Home Economy President Biden extends solar tariffs, with major caveats.

President Biden extends solar tariffs, with major caveats.

by Ana Swanson

The solar tariff announcement came as the House of Representatives voted Friday morning to approve a bill that would devote nearly $300 billion toward scientific research, including $600 million in grants and loans to solar manufacturing. The Biden administration has also proposed substantial tax credits and other measures to spur the solar industry as part of its Build Back Better Act, but that legislation remains mired in Congress.

The solar tariffs were first imposed in February 2018, with President Donald J. Trump following a recommendation of the International Trade Commission, an independent panel that reviews trade cases. The tariffs started at 30 percent and were set to decline by 5 percentage points each year over the course of four years.
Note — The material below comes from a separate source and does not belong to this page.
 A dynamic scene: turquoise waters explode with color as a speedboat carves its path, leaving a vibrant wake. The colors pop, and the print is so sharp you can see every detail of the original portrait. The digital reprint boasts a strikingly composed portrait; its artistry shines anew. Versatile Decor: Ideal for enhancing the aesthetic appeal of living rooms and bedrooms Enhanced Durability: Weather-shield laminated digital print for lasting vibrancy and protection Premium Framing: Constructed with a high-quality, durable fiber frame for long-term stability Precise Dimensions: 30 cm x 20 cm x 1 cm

Those tariffs would have expired this month. But several manufacturers, including Auxin Solar, Suniva, Hanwha, LG and Mission Solar Energy, petitioned to extend the levies, arguing they were still needed.

In its announcement on Friday, the Biden administration doubled the amount of cells that could be imported into the United States duty-free to five gigawatts, saying the change would give domestic manufacturers that use the cells to make solar panels the supplies they need to be competitive.

But some critics said that change, along with the exclusion for bifacial panels, would gut protections for the domestic industry. In a note to clients on Tuesday, Julien Dumoulin-Smith, a research analyst at Bank of America Merrill Lynch, said that tariffs with those carve-outs “would be largely toothless.”

A senior administration official pushed back on those claims on Friday, arguing that the decision would help create jobs, reduce American dependence on foreign suppliers and meet ambitious clean energy goals.

The White House had been consulting with all sectors of the solar industry, and they all agreed that the tariffs on their own would not bring back solar cell production or increase module production to a point where it could supply U.S. needs, the Biden official said.

Ana Swanson reported from Washington, and Ivan Penn from Los Angeles. Lisa Friedman contributed reporting from Washington.